Choose which three of the seven urns will receive a red ball, which can be done in $\binom{7}{3}$ ways. For each of the four remaining urns, we have two choices. We can either place a green ball or a yellow ball in the urn. This can be done in $2^4$ ways. Hence, the number of ways the balls can be distributed is $$\binom{7}{3} \cdot 2^4$$

Suppose we want to place red, green and yellow balls into seven distinguishable urns so that there is exactly one ball in each urn.

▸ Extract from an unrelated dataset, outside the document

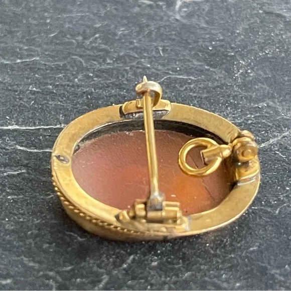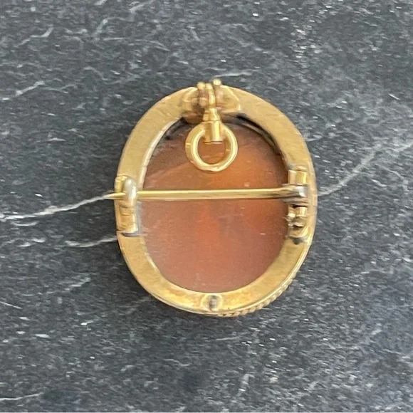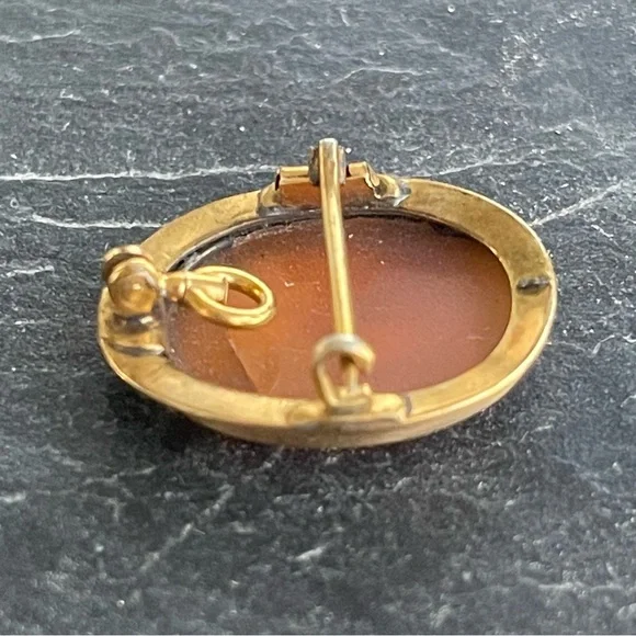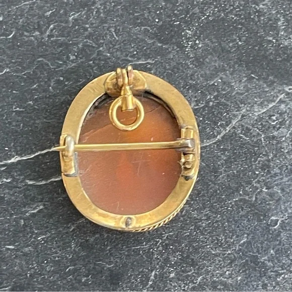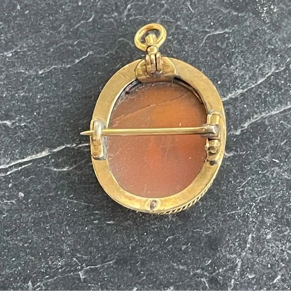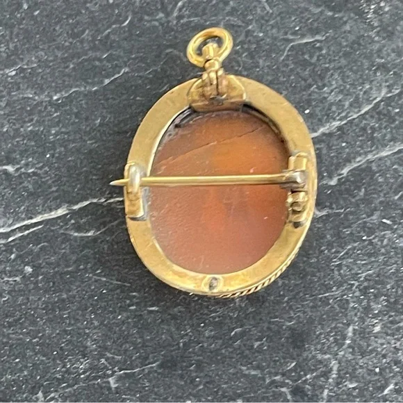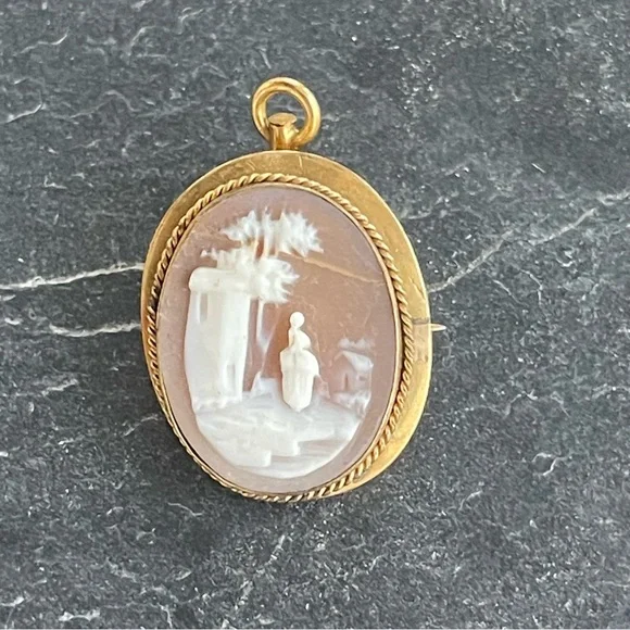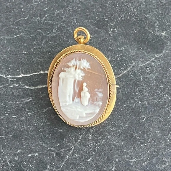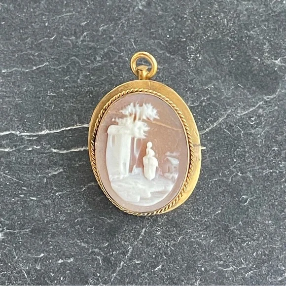 Vintage Antique Cameo hand carved shell Scenic carving, frame, pin back and pendant is 10kt. Yellow gold, beautiful detail in carving, 23mm long and 19mm wide, weighs 2.7 grams.

In how many ways can this be done if we have an unlimited supply of balls of each colour, if balls of the same colour are indistinguishable, and if we want to use exactly three red and exactly two green balls.

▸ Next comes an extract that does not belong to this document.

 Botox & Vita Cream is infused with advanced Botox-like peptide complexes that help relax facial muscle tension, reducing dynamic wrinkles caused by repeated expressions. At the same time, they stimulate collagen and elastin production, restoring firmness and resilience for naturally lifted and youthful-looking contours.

Choose which three of the seven urns will receive a red ball. Choose which two of the remaining four urns will receive a green ball. Fill the remaining two urns with a yellow ball.

$$\binom{7}{3}\binom{4}{2}\binom{2}{2}$$

Suppose we want to place red, green and yellow balls into seven distinguishable urns so that there is exactly one ball in each urn. In how many ways can this be done if we have an unlimited supply of balls of each colour, if balls of the same colour are indistinguishable, and if we want to use exactly three red and at least two green balls.

There are three cases:

  1. We use exactly three red, two green, and two yellow balls.
  2. We use exactly three red balls, three green balls, and one yellow ball.
  3. We use exactly three red and four green balls.

In each case, choose the positions of the three red balls, choose which of the four remaining urns will receive a green ball, then place a yellow ball in each remaining empty urn.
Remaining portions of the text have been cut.